W Volvo z olbrzymią starannością podchodzi się do doboru materiałów, więc metalowe, czy aluminiowe wstawki nie są udającymi je plastikami. Tapicerka wykonana ze skóry pochodzenia zwierzęcego jest przyjemna w dotyku i świetnie pachnie.
Skandynawski minimalizm to może spowszedniałe określenie, ale chyba najlepiej opisuje całą obecną gamę modelową Volvo. Podoba mi się ta droga rozwoju, bo wyróżnia markę na tle konkurencji.
![](https://www.fpiec.pl/wp-content/uploads/2019/03/volvo-31_MG_0957-1-zm.jpg)
![](https://www.fpiec.pl/wp-content/uploads/2019/03/volvo-29_MG_1035-1-zm.jpg)
![](https://www.fpiec.pl/wp-content/uploads/2019/03/volvo-32_MG_0901-2-zm.jpg)
![](https://www.fpiec.pl/wp-content/uploads/2019/03/volvo-35_MG_0972-1-zm.jpg)
![](https://www.fpiec.pl/wp-content/uploads/2019/03/volvo-34_MG_0969-1-zm.jpg)
![](https://www.fpiec.pl/wp-content/uploads/2019/03/volvo-36_MG_1005-1-zm.jpg)

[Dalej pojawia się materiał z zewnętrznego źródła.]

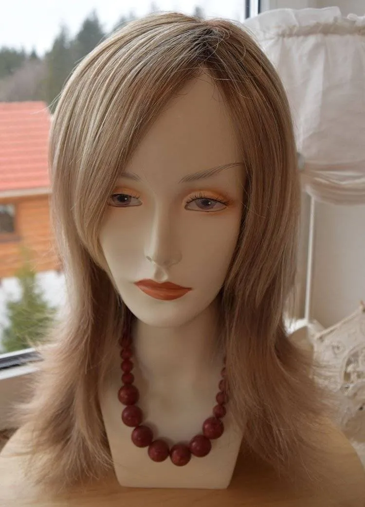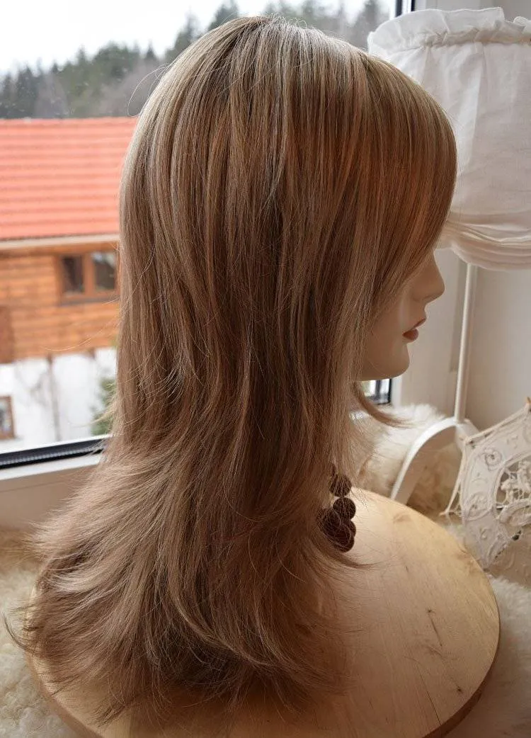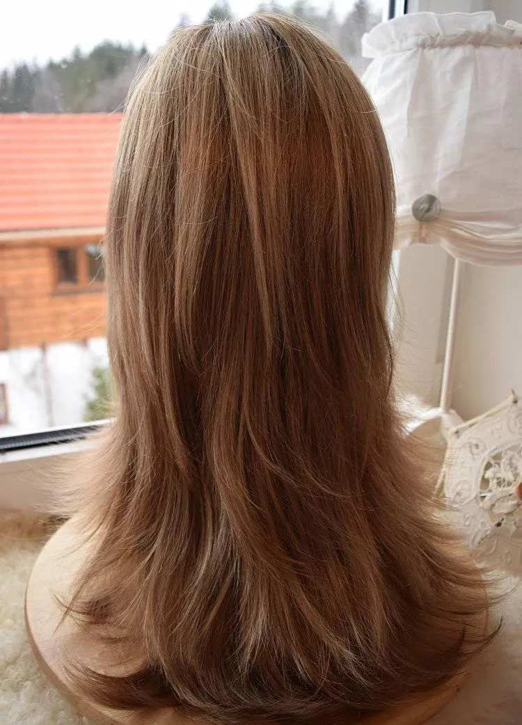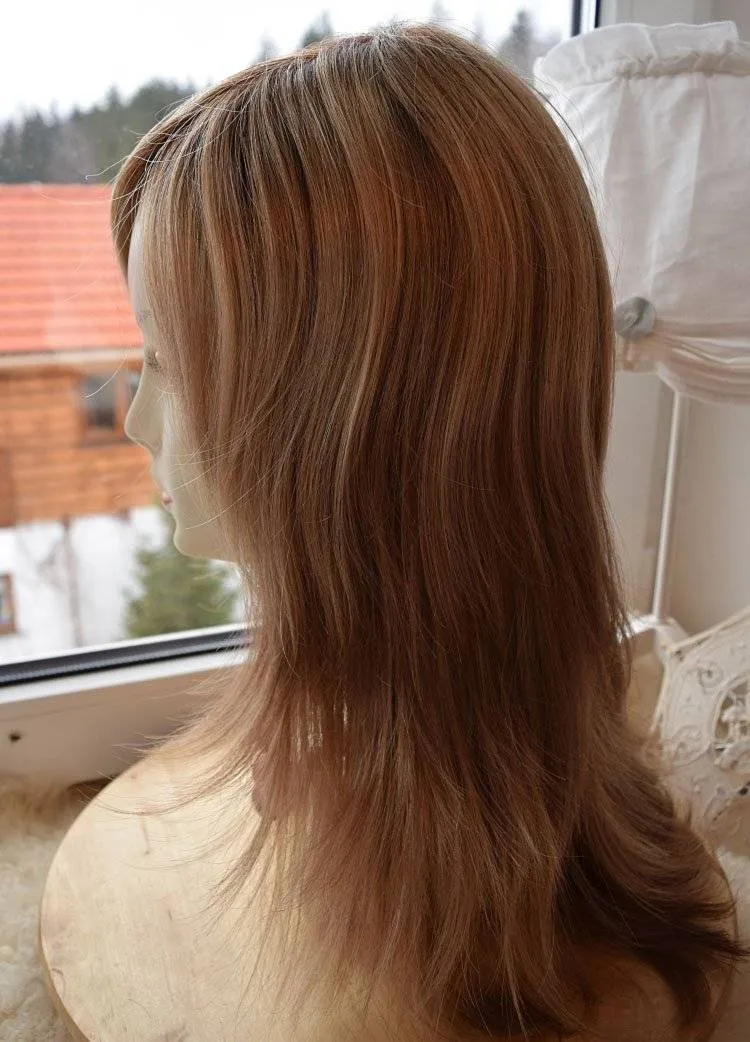 Виски и челка — области, которые способны выдать то, что на вас парик. Однако в этой модели использована тонкая прозрачная сетка, на которую волоски крепятся вручную, то вам такая опасность не грозит. В результате чего вы сможете смело зачесывать или приподнимать волосы в этих местах.
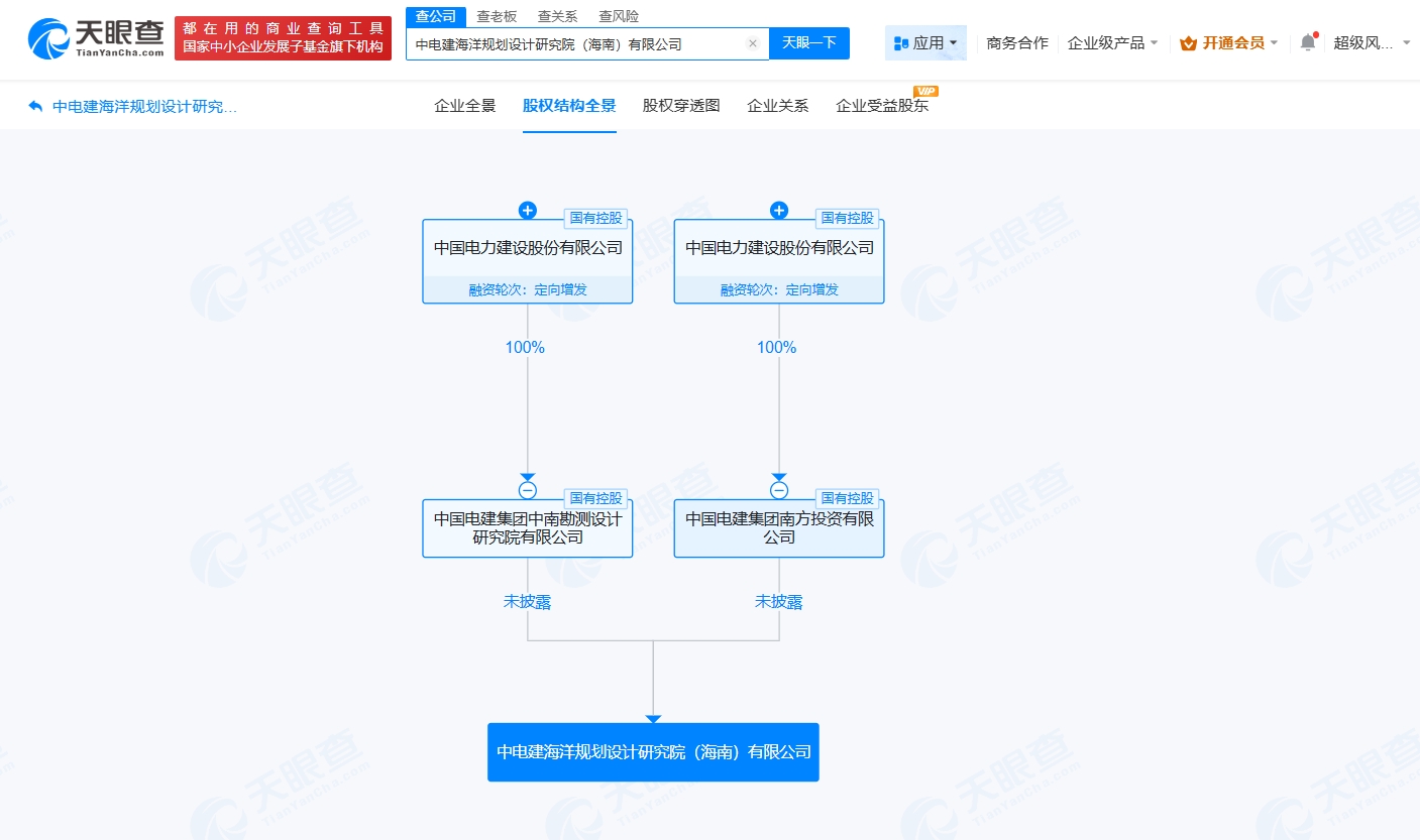 天眼查App显示,近日,中电建海洋规划设计研究院(海南)有限公司成立,法定代表人为张宗刚,注册资本5000万人民币,经营范围包括建设工程设计、建设工程勘察、安全评价业务、地质灾害治理工程勘查等。股权全景穿透图显示,该公司由中国电建(601669)旗下中国电建集团南方投资有限公司、中国电建集团中南勘测设计研究院有限公司共同持股。

![](https://www.fpiec.pl/wp-content/uploads/2019/03/volvo-38_MG_1075-1-zm.jpg)
W przypadku S90 T8 napęd hybrydowy służy przede wszystkim poprawieniu osiągów, a nie oszczędności. Choć samochód zapewnia rewelacyjny komfort podróży w trasie, to należy liczyć się z wysokim spalaniem. Jeśli pogodzimy się z tą myślą, jazda będzie niezwykle odprężająca. Uwierzcie mi – z Volvo naprawdę nie chce się wychodzić. Gdy jednak nastąpi taka konieczność, po otwarciu drzwi wszystkie osoby, które uprzednio zwróciły uwagę na elegancką linię samochodu, docenią też klasę wysiadającego z niego kierowcy.
Prestiż ma jednak swoją cenę, która w przypadku testowego egzemplarza wynosi 426 tysięcy złotych. W tej kwocie zawarte zostało dodatkowe wyposażenie o równowartości 100 tysięcy złotych.